Hi all! I am running a benchmark of compressors on sequence databases. I thought I'd start a thread to discuss it, respond to comments from the "Data Compression Tweets" thread, and gather expert feedback to hopefully improve it.
Benchmark data: http://kirr.dyndns.org/sequence-compression-benchmark/
This is a work in progress, and I will continue improving it when I can. Suggestions are welcome!

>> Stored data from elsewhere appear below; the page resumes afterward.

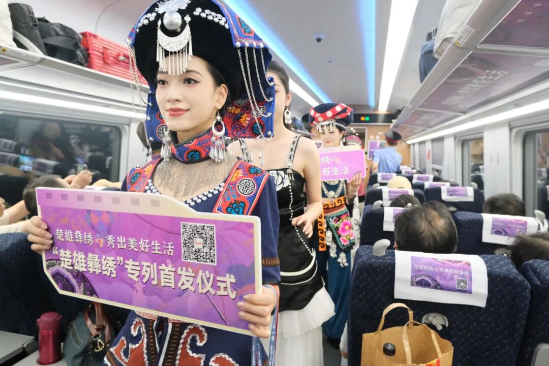 仪式结束后,首批乘客登上专列,瞬间被满满的彝绣元素包裹。过道墙面、行李架底部、椅座头靠上,紫底渐变的绣布上,马缨花纹样如绽放的山花般鲜活,让旅途从视觉开始便浸润着民族风情。列车启程后,车厢内的互动将氛围推向高潮。三弦琴伴奏下,《高山顶上茶花开》《歌唱丰收年》等彝族歌曲深情唱响,空灵的巴乌演奏带来视听盛宴。身着彝绣服饰的模特踏着韵律走秀,工作人员将绣有山茶花的彝绣荷包一一递到游客手中,“这是楚雄手艺人的心意,针脚里藏着最深情的祝福”,简单话语让小小荷包成为连接民族情感的纽带。“刚上车就被行李架上的彝绣标识吸引,舞蹈和走秀更是让我触摸到了民族文化的‘温度’。”成都乘客张晓明感慨,“小伙子的彝绣男装、姑娘的时尚绣裙都特别惊艳,既传统又洋气。”来自北京的付桂荣摩挲着手中的荷包笑称:“本来枯燥的旅途让人犯困,可看到彝绣后瞬间就来了精神,拍了好多照片。以前只在画册上见到,这次能近距离感受还能把‘非遗祝福’带回家,太特别了。”成都乘客周晓艳则直言:“成昆铁路本就是滇川纽带,现在有了彝绣互动,乘车变成了‘移动文化课’,感觉和楚雄的距离一下子近了,下次一定要去楚雄深入了解彝绣。”
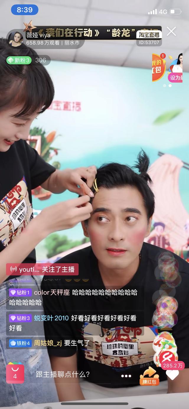 昨晚,曾在第四季节目中助力青海省互助土族自治县青绣的薇娅,第五季节目再度加盟为助农发声。做客薇娅直播间的陈龙、章龄之夫妇,也携手为屏幕前的网友们撒下大把的"狗粮"。一出场,章龄之就许下"产品秒空,就给老公化妆"的诺言。老婆实力带货,产品一件件,,陈龙也只能为爱献身:"猛男"涂腮红,化出了佟掌柜的感觉;还要配上两个小揪揪,"哪吒头"华丽登场。章龄之也笑着感叹:"结婚八年了,终于等到(给老公化妆)这,了!"在章龄之的指导下,陈龙也带着可爱风的"哪吒妆发",跳起俏皮的卖萌舞,收获粉丝点赞连连。努力营业过后,陈龙还在一旁小小声辩解:"我可是'蒙大将军'啊,才不是'蒙贵妃'!"
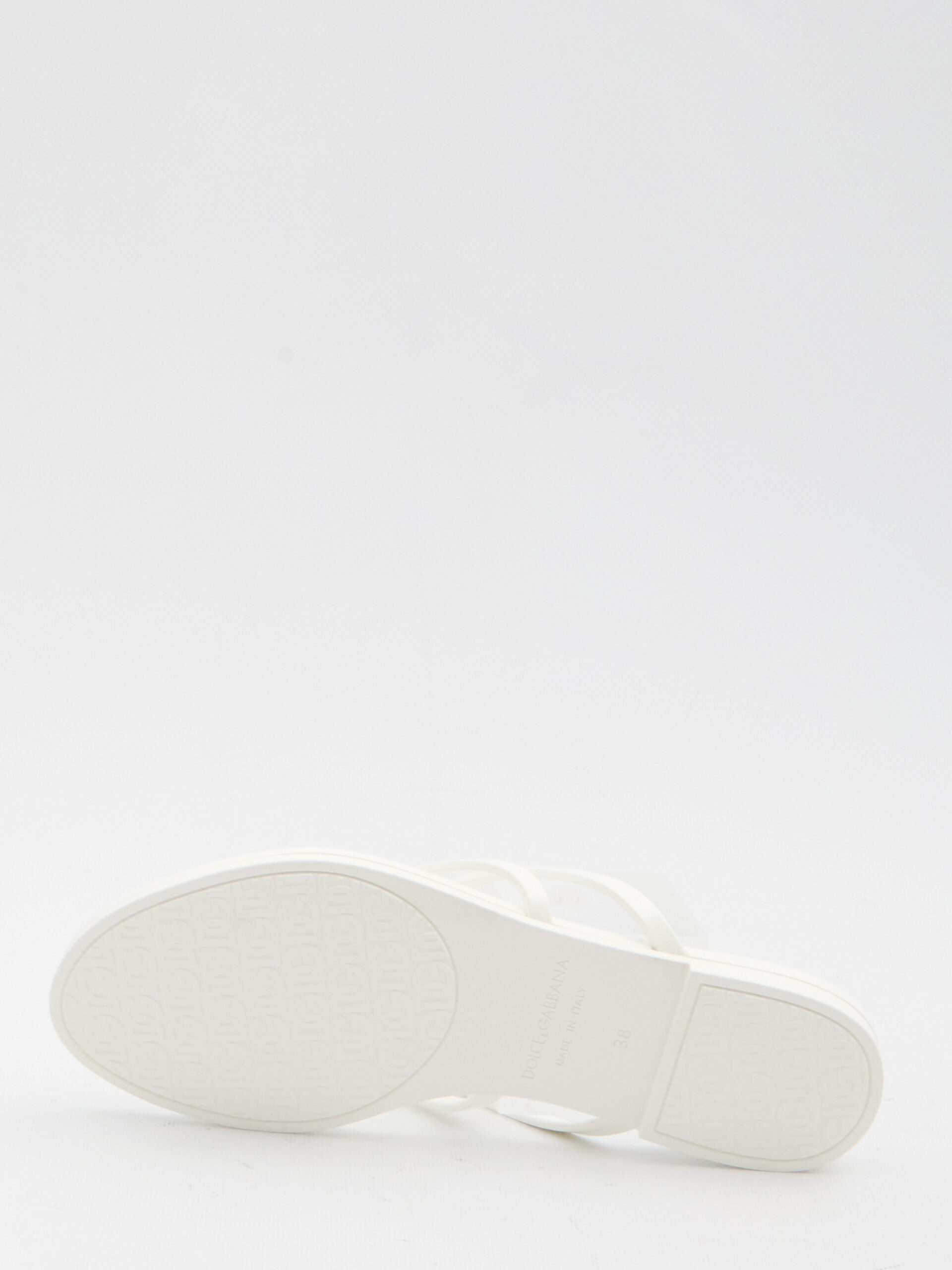 White rubber thong sandals with light gold-tone crossed DG logo hardware. Embossed rubber insole and round toe. Any slight rubber irregularities are not defects but a feature of the material. Dust bag included. Italian sizing, true to size.
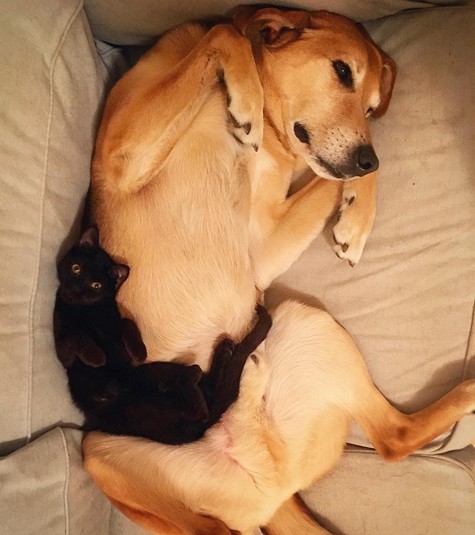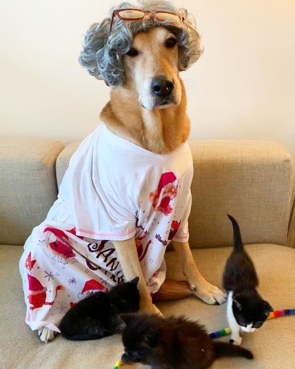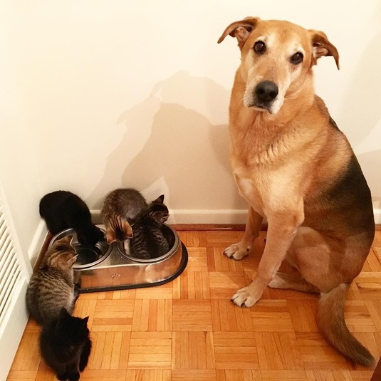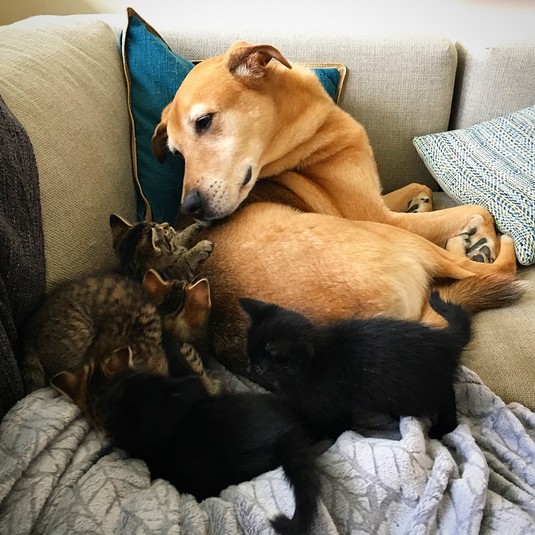 Пес Рэйлан стал настоящей приемной мамой для котят
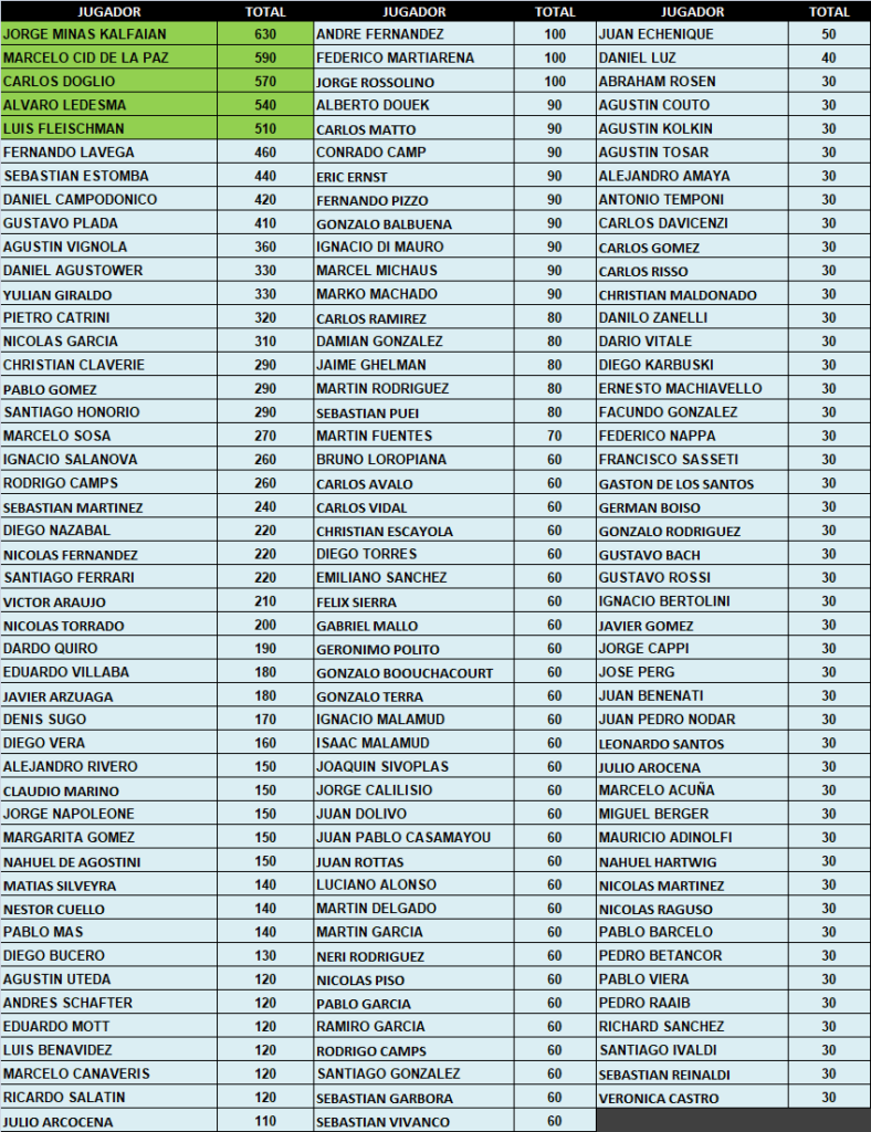 1ero: 150 pts. / 2do. 130 pts. / 3ro. 110 pts. / 4to. 100 pts. / 5to. 90 pts. / 6to. 80 pts. / 7mo. 70 pts. / 8vo. 60 pts. / 9no. 50 pts. / 10mo. 40 pts. / del puesto 11 para abajo 30 pts.

Disclaimers/Disclosures/Limitations:
1) Like in any benchmark, the results are specific to particular hardware, test data and methodology. I used a reasonably standard workstation machine, and test data consists of commonly used sequence databases. Thus the results should be reasonably informative, but not necessarily 100% transferable to other machine or data.
2) I benchmark a very specific task. Namely, lossless compression (and decompression), without reference, of FASTA files with DNA, RNA and protein sequences. This is the data I often work with, so I'm familiar with what is used and how it is used.
3) My own compressor is included in the benchmark. I need to know how it compares to other compressors. Also when I make improvement, I need to measure the improvement. My compressor receives no any special treatment in the benchmark.
4) Benchmark takes lot of time. For anything missing, it's possible that I just haven't had time to add it yet.
5) The interface is a mess. I'll need to organize it in a much better way.